Circumcision also has small but measurable benefit in preventing penile cancer, a very rare disease that strikes only about 1 in 100,000 men. Uncircumcised men are three times more likely to develop penile cancer than circumcised men.

Uncircumcised men are also reported to be at greater risk for developing sexually transmitted diseases such as syphilis and HIV infections than circumcised men, but behavioral factors, such as not practicing safe sex, are far more important risk factors.

Overall, the increased risk of developing UTIs, sexually transmitted diseases, or penile cancer is extremely low, regardless of circumcision status.

A Kinder Cut

For those parents who elect to have a circumcision performed on their newborn infant, it is important that the parents select an experienced surgeon to perform the procedure.  The AAP recommends that pain relief with a local anesthetic should be used during the procedure.  Safe and effective forms of analgesia for circumcision are easily accomplished using a local or topical anesthetic consisting of a gel or cream applied to the foreskin before the procedure.  This method has been found to provide adequate pain relief during the 5-10 minute procedure.

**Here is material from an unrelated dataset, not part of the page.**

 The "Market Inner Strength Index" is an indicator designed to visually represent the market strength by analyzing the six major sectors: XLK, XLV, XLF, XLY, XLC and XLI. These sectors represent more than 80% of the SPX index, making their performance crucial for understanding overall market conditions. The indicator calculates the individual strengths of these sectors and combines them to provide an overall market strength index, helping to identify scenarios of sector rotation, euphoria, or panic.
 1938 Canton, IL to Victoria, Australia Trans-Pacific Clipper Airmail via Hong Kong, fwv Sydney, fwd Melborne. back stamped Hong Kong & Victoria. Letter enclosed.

Parents considering circumcision should talk with their doctors, and make sure that they are comfortable with whoever will be performing the procedure. Specify in advance what type of anesthesia will be used, and notify the doctor if there are any bleeding disorders in the family.

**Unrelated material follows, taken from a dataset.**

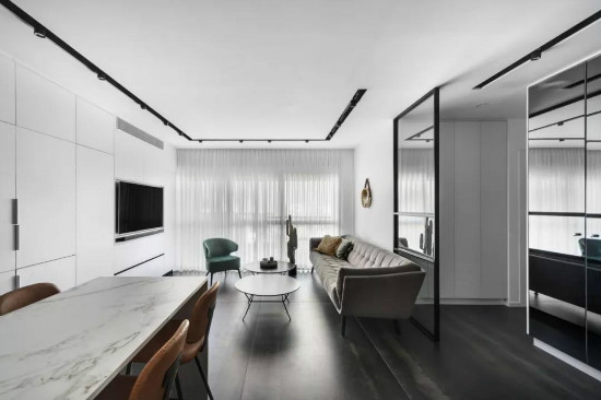 黑、灰色调皆可作为辅助色来凸显层次,局部加入跳跃的亮色形成视觉焦点,让整个画面在保持通透、敞亮的同时,又不乏现代时尚的气息。
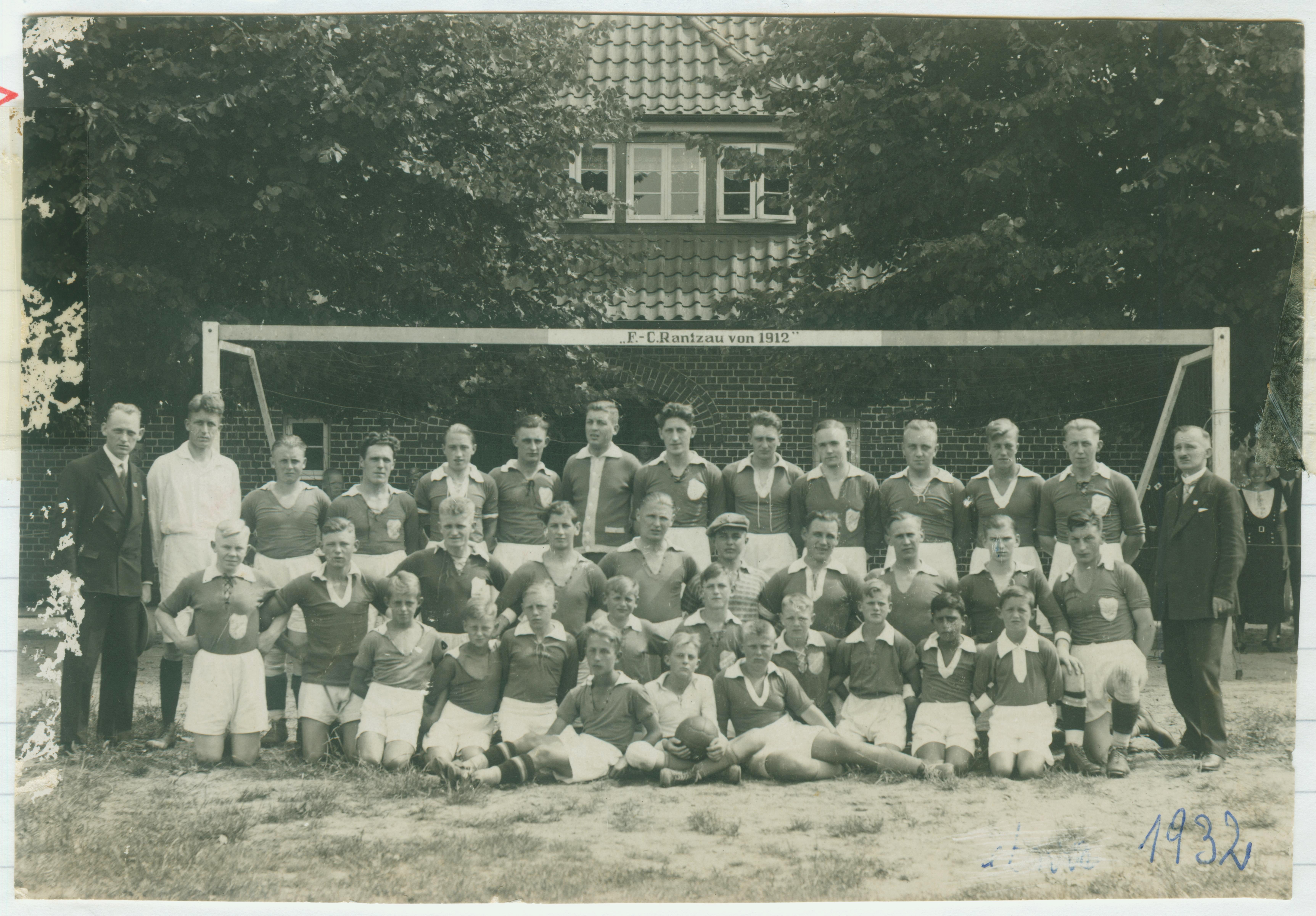 1932 Pfingsten F.C. Rantzau vor dem Sporthaus Düsterlohe. Die auch noch heute dort stehenden Linden stehen in vollem Laub. 1. Herren hintere Reihe: von li. W. Hartz, E. Kühl, F. Schimanski, H. Bornholdt, H. Thee, E. Heidorn, H. Behrmann, H. Schmuck, H. Pump, H. Krüger, W. Wrage, W. Herrmann, Joh. Schmuck (Vater von Günter Schmuck), H. Kaeckerey, Reserve mittlere Reihe: H. Beste, G. Biehl, W. Pump (Kaiser), E. Behrmann, W. Neufeind, A. Birn (ehem. Wirt v. Waldschlösschen), H. Hauschildt, Saß, W. Griebel, H. Böge Schüler vordere Reihen: B. Günther, Mußler, Tietjen, Habermann, Brodzina, O. Eggert, W. Böge, Touba, Franke, Hermann Mohr, W. Runge, W. Fischer

Parents who choose not to circumcise need to receive instructions on how to care for an uncircumcised penis. The foreskin should never be forced to retract, nor should objects such as swabs or cotton balls be used to clean underneath it. Although most boys will have retractable foreskins by age 3, in some cases, it may take 7 to 10 years. Parents must be patient and allow the process to happen naturally.  All boys who are not circumcised need to be instructed on proper hygiene of the foreskin.  Failure to do so can result in inflammation of the penis and a foreskin that is even more difficult to retract and clean.   Occasionally, this condition, phimosis, or tight foreskin requires a circumcision as an adult.

So if you are considering the “prime cut” for you or your newborn son and have any questions, I suggest you contact your doctor.